You can’t control interest rate rises, but you can look at your spending, and find areas where you can save. Look at your lifestyle and decide on what you can and can’t compromise on. Make extra repayments if you can or reduce payments to the minimum to maintain your lifestyle. These are all choices that can be made.
If you’re in a solid financial position, don’t let higher interest rates deter you from investing. Other factors such as growing populations or rental increases can drive economic growth. Don’t wait for conditions to improve, property is a long-term investment, so it is an excellent time to get ahead as property prices soften.
Is your fixed rate coming to an end?
When interest rates are low, people pay less attention to variable vs fixed, but many of us fixed our rate when it was low. Now it’s time to draw your attention to when your fixed rate is due to expire. Review your loan repayments six months out of the fixed rate expiring to determine if you can afford the new rates and retain your property or adjust your spending to accommodate the extra mortgage expense. Do you need to consider selling the property if the new repayment is too high? Or renting it out? These decisions are big choices, but a consideration if financial resources are limited.
Nerida says, “The best thing you can do is get in early to review and refinance. Don’t wait until it is too late. Consider moving your loan to interest only or rolling your interest only period to buy yourself more time.”

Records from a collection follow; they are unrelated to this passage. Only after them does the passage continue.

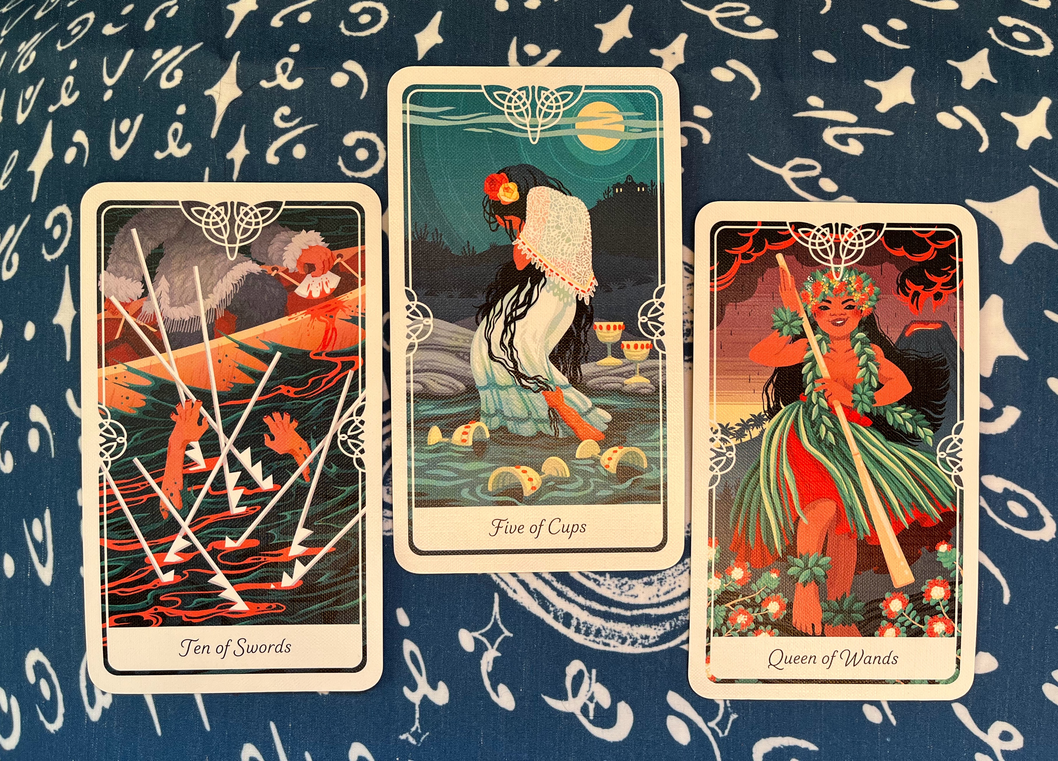 Art: 5/5 I mean, people like different art, but this is pretty accessible and stellar all around. There’s a lot of white and blue as the standard theme of this deck (partly why I think of it as an “Air” deck) and vibrant colors throughout make these cards visually pop. The people are definitely characterized, but their expressions are clear and range from the frightening to the endearing. I LOVE the vast diversity of the characters in the cards and nothing feels forced. This is a very authentic feeling deck and part of why I adore it so!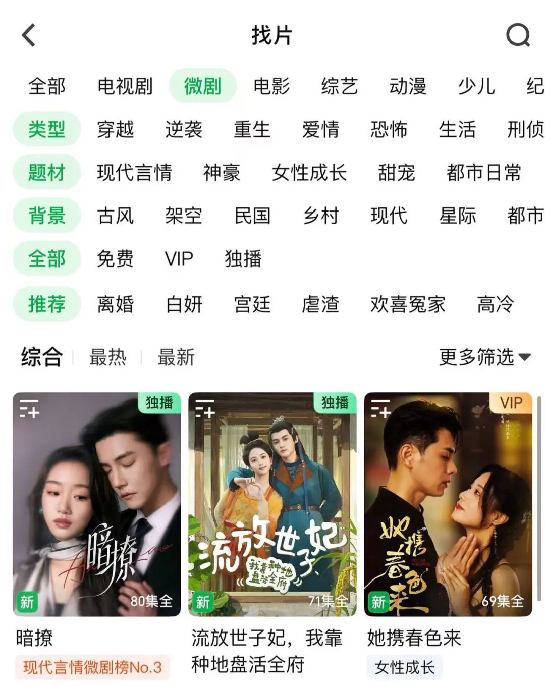 此前,爱奇艺发布的2024Q4财务报告显示,目前已经上线的微剧数量已经达到了短剧行业头部平台的规模。。今年年初,爱奇艺宣布推出“千部精品微剧计划”,与优秀的编剧、导演、制作团队携手,与行业上游合作伙伴共同开发多元化的微短剧内容。爱奇艺速度版APP中的微剧现在是仅次于电视频道的第二大频道。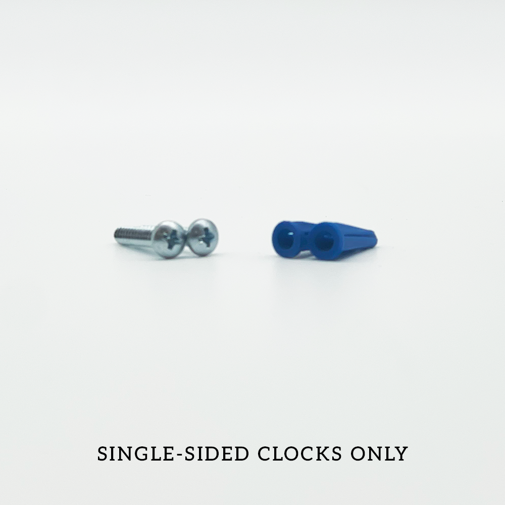 2 screws and 2 plastic hollow wall anchors (Single-sided clocks only).

Look for ways to generate more savings for yourself to create a safety net as interest rates rise. Is there something you can cut back on, or ways you can earn more income?
Get on top of variable rates
Most people think they are not in control when they are. With home loans, don’t be afraid to shop around or negotiate with your existing lender. It’s not the time to be loyal and get stung with loyalty tax, you can search the market for a better deal. During the last two years, many people have changed their working situation, so look for lenders who can refinance and consider your current lifestyle. Many lenders offer a cashback offer to cover the costs of refinancing. Use a broker to remove the mental blockage of refinancing and make the process easier. It’s also an opportunity to look at your overall portfolio and seek the best interest rates.
Like changing insurance providers or super funds, there is huge procrastination around changing lenders, but it doesn’t have to be complicated. Investing a bit of time into refinancing could save you considerable dollars in the long term.
Understand your finances
We love our luxuries, but in these times, looking at your spending and making adjustments could mean you get to hold on to little luxuries like family holidays, a new dress or concert tickets.
Ashley says “It’s essential to understand your mortgage costs as a percentage of your budget and understand your own personal expenditure. We see so many clients avoid looking at their finances, which seems crazy when there can be big savings to be made. It’s not the time to have your head in the sand!”
Rising costs of living can be avoided with a bit of creativity and thinking. Simple changes to shopping, like buying fruit and vegetables that are in season, looking out for specials or buying bulk could help with the household budget.